Posted on January 25th, 2011 in: Get Into Reading, North West, Reader Testimonials

“The reading group gets it out in the open. Whatever is hidden up and out – if you have got feelings put down they have got to come up and out otherwise your head would explode.”

Lesley Tinsley  joined the reading group at Upstairs@83 in July 2009 when it was initially set up as part of one of our research studies into reading and depression. The study, funded by MerseyBEAT, lasted 12 months in total, with Lesley attending for the whole of that time. Lesley continues to attend the group at Upstairs@83 which has continued beyond the scope of the study due to its success at the mental-health drop-in centre.

Lesley is in her early 50s. She has learning disabilities and also suffers from depression and anxiety. She currently lives alone and has felt quite isolated at times in her community and local neighbourhood. Due to past experiences she is also rather nervous about going out by herself, especially of an evening and if having to travel outside of her local area. She has also reported that she finds it difficult to trust people. She has been attending the centre Upstairs@83 for over 2 years and the centre is one of the few places Lesley can go to and mix with other people in a supportive and safe environment.

On first joining the reading group at Upstairs@83 Lesley was rather shy and reluctant to talk at any great length or read aloud. After a few weeks however she began to volunteer to read aloud from the poems at the end of the session and as her confidence grew she felt confident enough to be able to meet the more challenging task of reading aloud for a sustained period from the denser text of the prose.  She first volunteered to read aloud from the prose in Week 6 of the project, from Mitch Albom’s Five People You Meet in Heaven. By the end of the project she was volunteering to read aloud from more difficult prose works including Great Expectations by Charles Dickens. The opportunity to read aloud in a supportive environment has proved extremely beneficial to Lesley. She says:

“When I first joined the reading group I thought people would laugh at me because I’ve got a learning disability. I didn’t want to read aloud at first in case they’d laugh. But it’s not like that. Now I have a chance to read aloud and know that no one will laugh.”
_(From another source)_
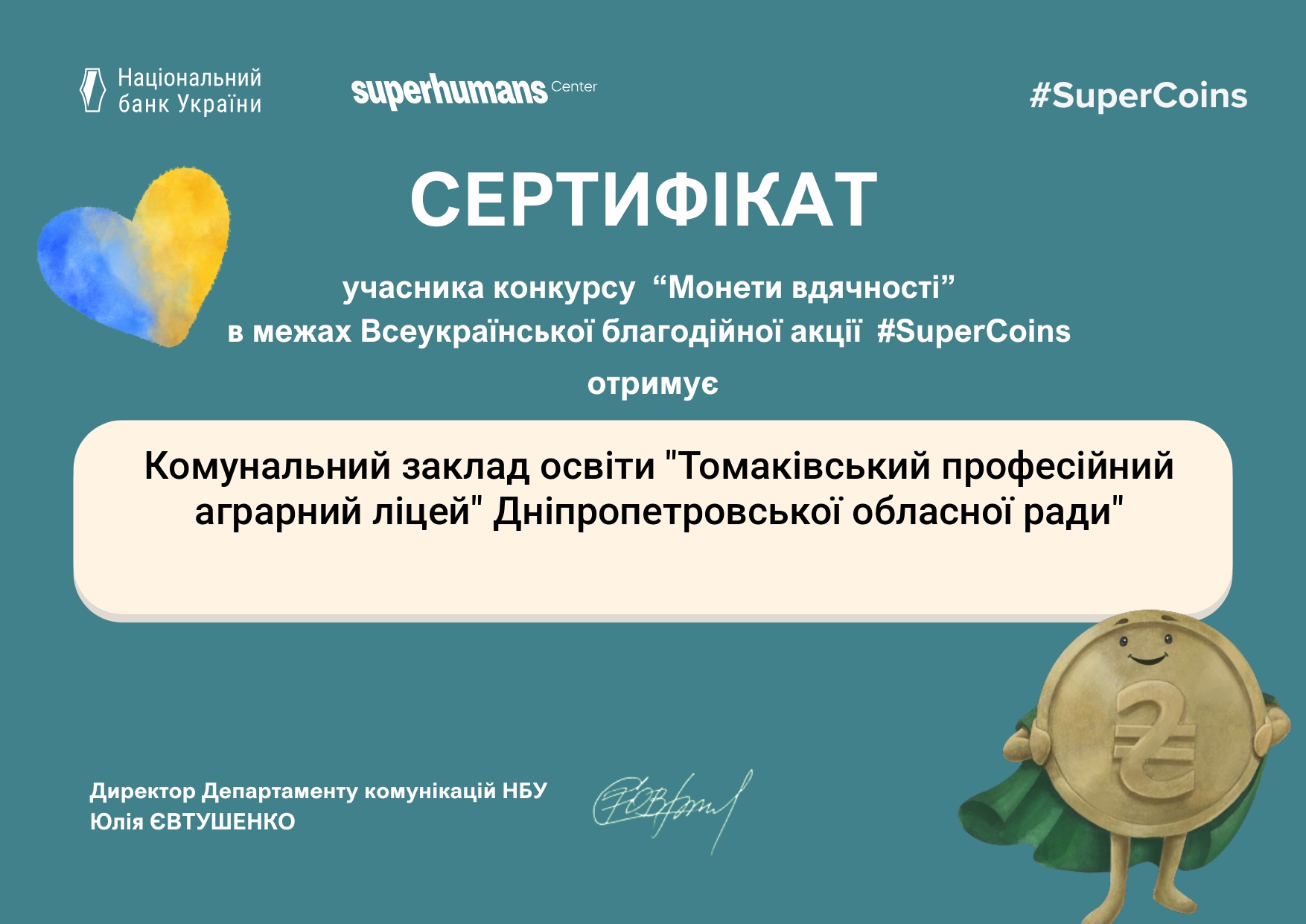 1. Сертифікат учасника конкурсу "Монети вдячності" в межах Всеукраїнської благодійної акції #SuperCoins КЗО "ТПАЛ" ДОР" |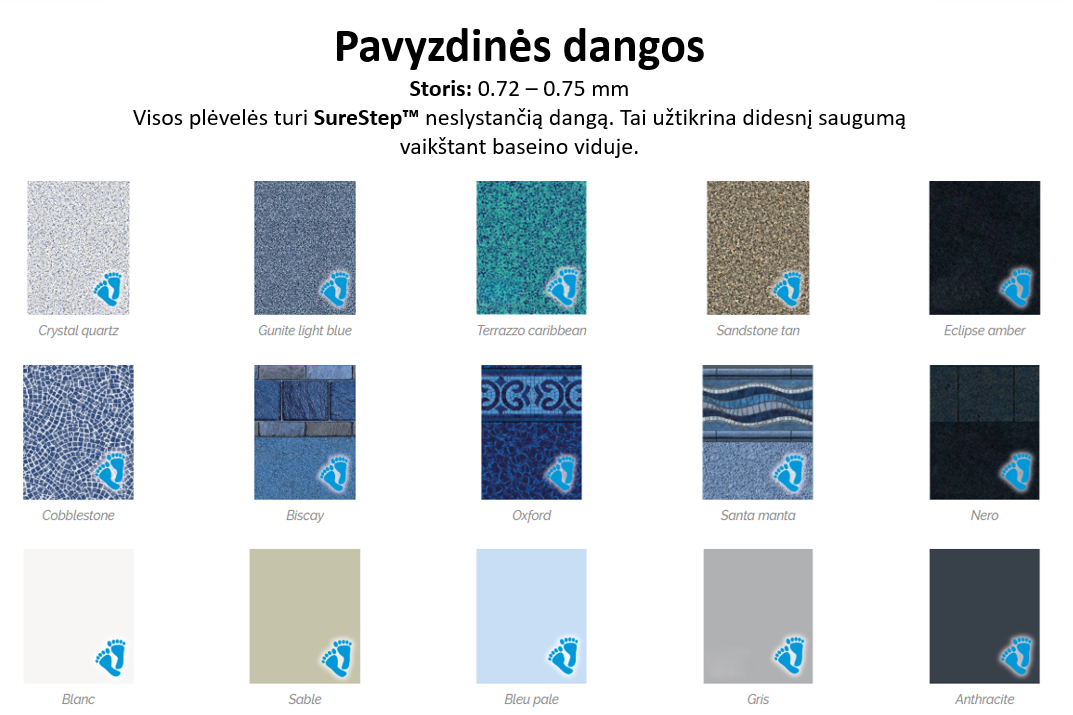 Galima rinktis iš daugiau nei 30 dangos raštų. Visi paviršiai dengti SureStep™ sistema – neslidūs ir saugūs.

She frequently takes a turn in reading aloud now, an experience which she has grown to enjoy as an educational and learning opportunity as well as an opportunity to hear her own voice expressed and listened to by her fellow reading group members.
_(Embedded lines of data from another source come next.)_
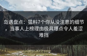 岛遇盘点:猛料7个你从没注意的细节,当事人上榜理由极具爆点令人羞涩难挡 娱乐圈的每一次爆料都像是一场...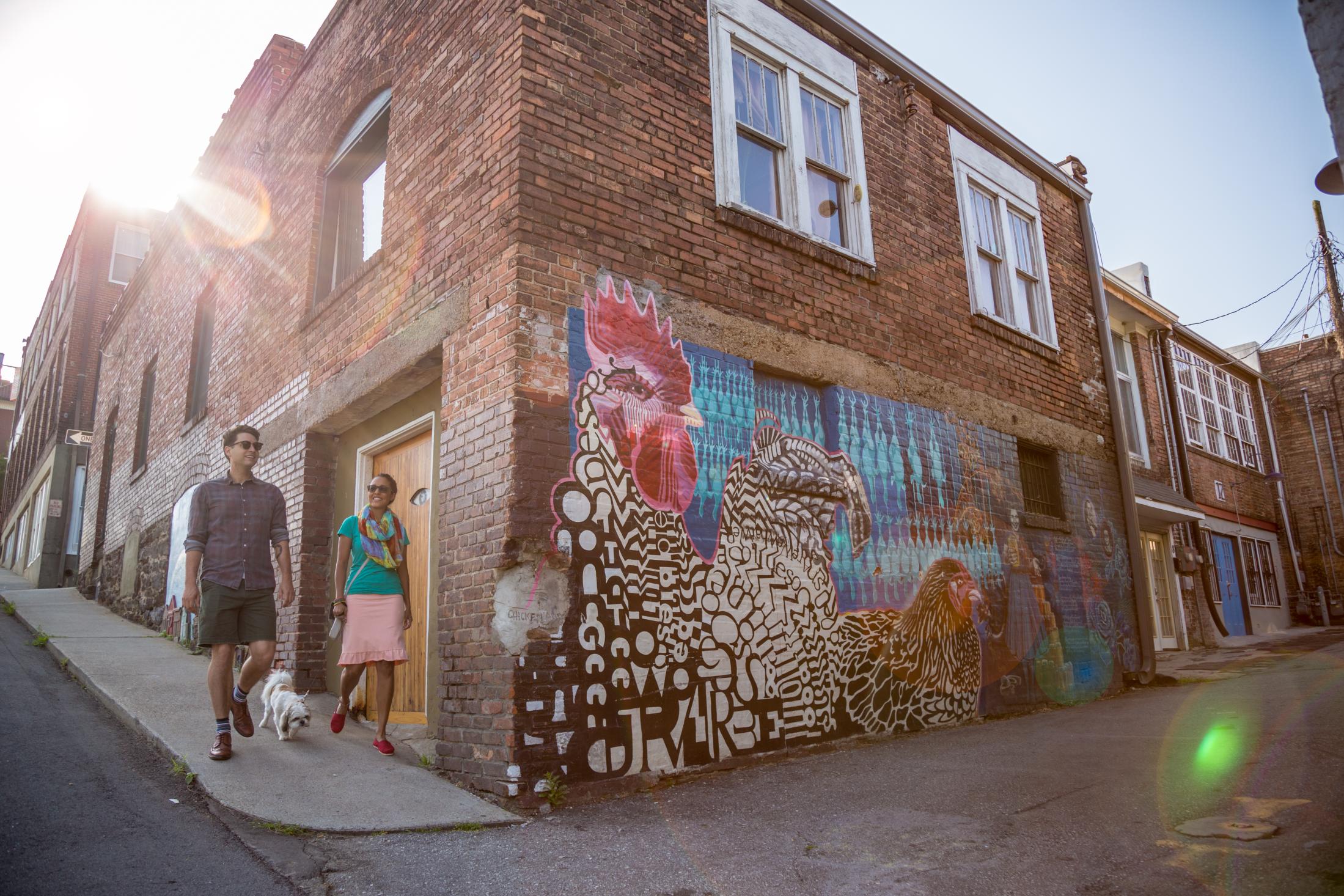 This area is also home to art you can’t help but happen across. Of course, it has that Asheville twist. A giant sculpture of an iron at the intersection of Battery Park and Wall Street and the not-so-garden-variety mural of attitude-laden chickens in Chicken Alley off of Woodfin Avenue enliven the downtown streets.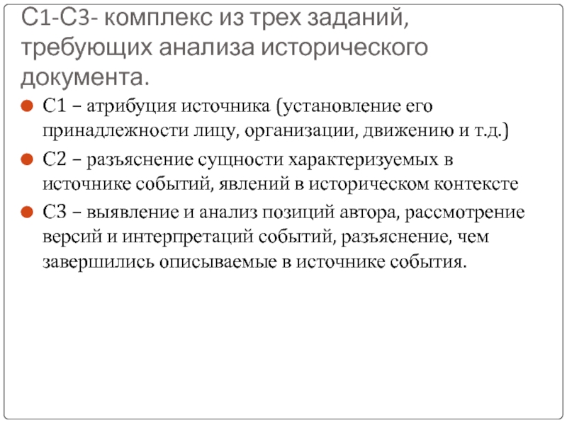 Слайд 10 С1-С3- комплекс из трех заданий, требующих анализа исторического документа.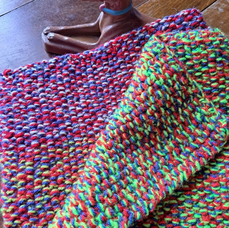 My mum knits pet blankets from left-over wool. Thick and soft, they're made out of new and unused washable acrylic yarn, each example a one-off.

Having a supported access to literature and its varied and complicated language is something that has proved highly beneficial to Lesley’s sense of mental well-being. She has often felt that her own life story has been overlooked and she says that she’d like to be able to write it all down one day. Having access to a literary language has enabled her to better understand, inwardly make sense of and also outwardly express her own personal experiences, thoughts and feelings, and to do so crucially in a way which does not simply leave her telling of past experiences but has also allowed her to share forgotten memories and review past, present and future anew through the stimulus of the literature and also the interaction with other people’s thoughts and feelings. Lesley is quick to recognise the mental health benefits of the reading group:

“I really think that the reading group helps with your mental health. Other people might just think it’s a reading group and nothing to do with mental health, but I think that the group has really helped me with my mental health. Sometimes before the group I feel restless and anxious – like I can’t settle – but then when I go into the reading group I can start to relax and feel better.”
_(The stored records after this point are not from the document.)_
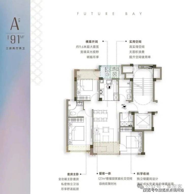 建面约91方真三房户型,真南北通透洋房产品北侧无消防连廊设计,小面积也是真南北通透,区别市面2+ 1户型,最小的卧室也有将近9个平方,每个卧室面宽均达到3米及以上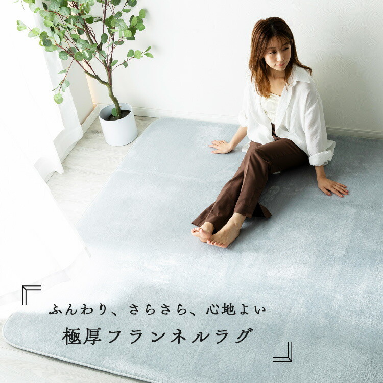 洗える オールシーズン 極厚ラグ 185×185 2畳 厚み25mm 防ダニ 抗菌防臭 超極細フランネル ラグマット 滑り止め付 マット ラグカーペット ブラウン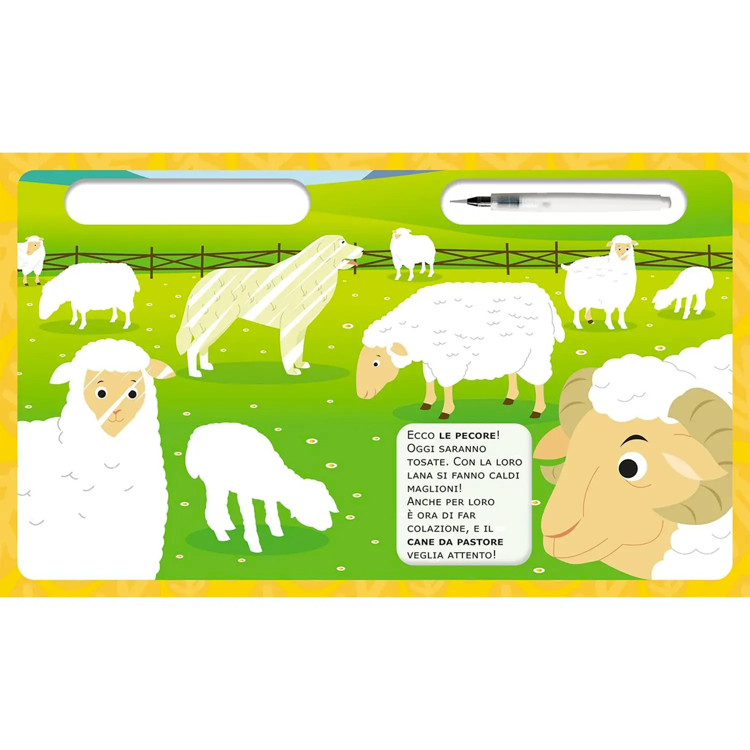 Scopri i colori con la magia dell’acqua: Con Gli Animali della Fattoria Acquacolor, i bambini possono colorare con l’acqua e vedere le immagini prendere vita per magia! Quando la pagina si asciuga, i colori scompaiono e il gioco ricomincia da capo.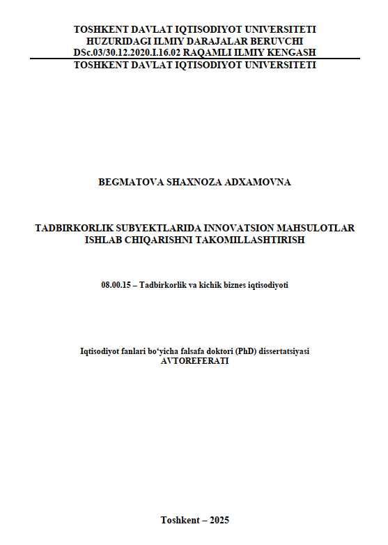 Kichik biznes korxonalarida innovatsion faoliyatni rivojlantirishning tashkiliy-iqtisodiy asoslarini takomillashtirish

Lesley has benefited greatly from her participation in the reading group. She has reported an increase in her level of self-confidence and self-esteem and also in her sense of self-worth and value. The reading group gives her something else to think about apart from her own worries and she really values this space away from her own anxieties and the opportunities it gives her to channel her thoughts in new directions:

“I’d just be sitting at home if I wasn’t here in the reading group. It gets me out and it gets me thinking and afterwards I go out of the room still thinking about the poems we’ve read!”

Since joining the project Lesley has also participated in other events outside of the reading group that have been organised by The Reader Organisation, including the evening event of the annual Penny Readings.’

Lesley read little before joining the reading group, rarely turning to novels as a natural resource and was not a reader of poetry. Since joining the reading group however Lesley’s reading interests have dramatically expanded and become more varied, encompassing novels and also poetry. Her favourite poem during her time at the reading group so far has been Maya Angelou’s ‘Touched by an Angel’. Lesley has continued her reading journey outside of the group, completing the novels Rebecca and The Painted Veil in her own time and she is now beginning The Pearl by John Steinbeck. Lesley has now realised that she can turn to books and enjoy them as a way of helping her cope with her own personal difficulties. She is currently doing an English course at college and gained her level one City and Guilds qualification.